I begin this story with a history textbook. It was the only place in the education system, growing up in a small mill town in British Columbia, that I was able to see something close to my likeness. In it is a famous photograph in black and white of men packed tightly on a ship, dressed in European tailored suits. You see brown weary faces, long beards, and the stark white of turbans. It is one of many famous photographs taken of passengers on the Komagata Maru.

In that moment, as a 15-year-old, I wanted to disappear under my desk because something felt so wrong in learning about this history in a simple paragraph. Something felt wrong knowing they were not worthy of Canada because of their brownness.

I knew most of the passengers were Sikh men, but seeing them called “Hindus” in the old newspaper clippings made me feel small. It was the same feeling when I heard the word used as a slur in the hallways. I felt this page in history did not whole-heartedly represent myself or my family. I thought of my grandfather, a community leader, with his turban held high. I looked back at the page, at a reflection of Canadian history that made me feel deeply uncomfortable.

 

The first chapters in some of our widely used history textbooks depict how difficult pioneering was. For people of South Asian, African, Japanese, or Chinese descent, pioneering was not only difficult, it was dangerous. Establishing minority communities was a matter of life and death, because they were targets of racial violence. If they were not dehumanized by racist Victorian values, they were discriminated against with laws or legislation promoting a vision of a “white Canada.” Therefore, I ask: how do we plan to equip our students of colour with power and resiliency, while presenting them with a history that is racially desolate and grim?

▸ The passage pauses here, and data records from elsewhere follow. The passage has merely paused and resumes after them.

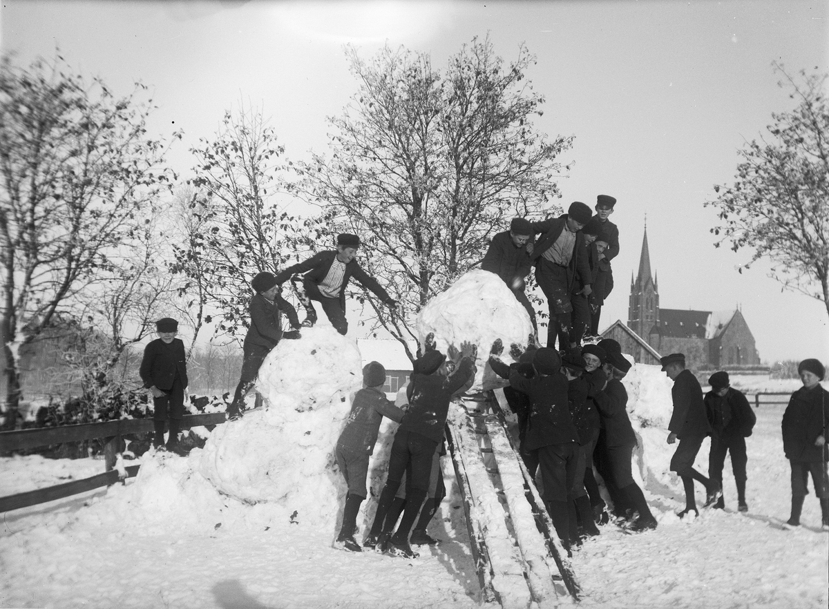 Elever från Årstads skola roar sig i snön på rasten, med Årstads kyrka i bakgrunden.
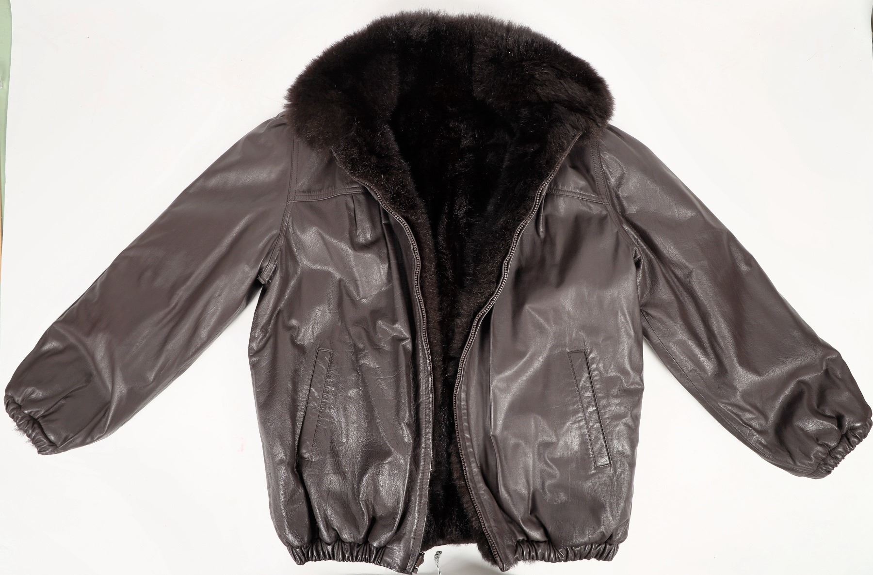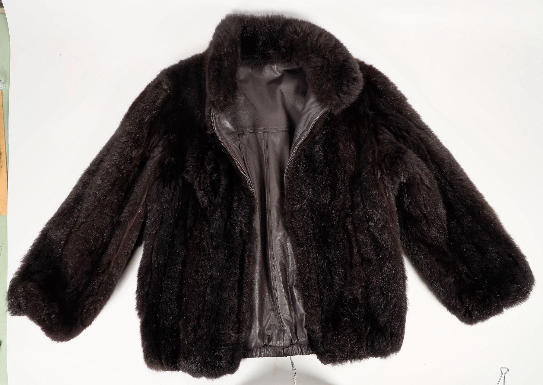 Reversable high quality black possum exterior, fine black leather interior. Size small, short coat. Outside length from armpit to edge of arm is 18" and from armpit to bottom of coat is 16" made in 1985. pristine condition.
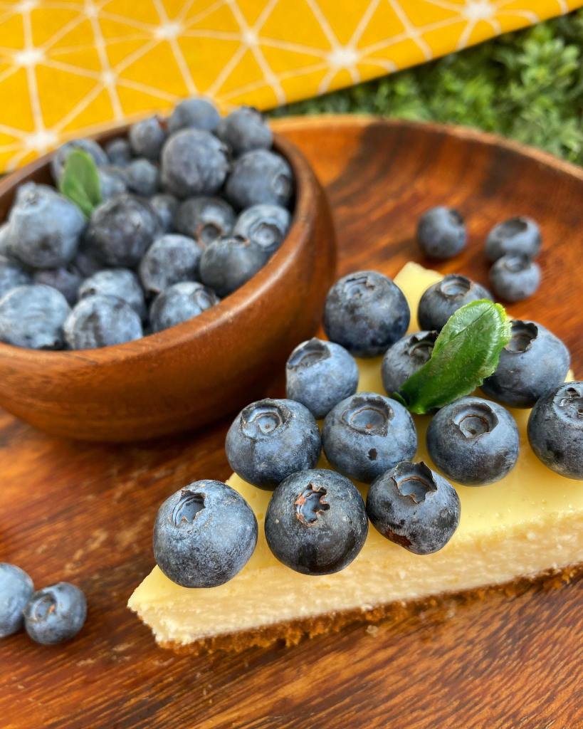 It comes as no surprise that I have developed many blueberry cheesecake recipes over the years. I use frozen or canned blueberries most of the time, but whenever I get my hands on fresh blueberries, I use them as is. No fuss, just top the cheesecake with

Many educators will continue to teach this history by beginning with such  poorly written chapters, and do not have the scaffolding in antiracist pedagogy in place. This will result in a grave disservice. It is not only in resources and curriculum that teachers need to become aware of racism, but racial micro-aggressions that take shape in our language. Referring again to Tracey Lindberg’s quote, “teaching is a language …”, we are all reminded that how we speak, what we speak, how we say words, and when we say them, matters. In the classroom, students will also notice our silence.

As I reflect on my experiences as a student, I am reminded of a moment I witnessed as an educator. For this student, his racial identity became amplified as he shared a moment when his blackness felt limiting. He spoke of being singled out and told in a library, among other students, that he would be particularly interested in a selection of books about the African American experience, based on his appearance.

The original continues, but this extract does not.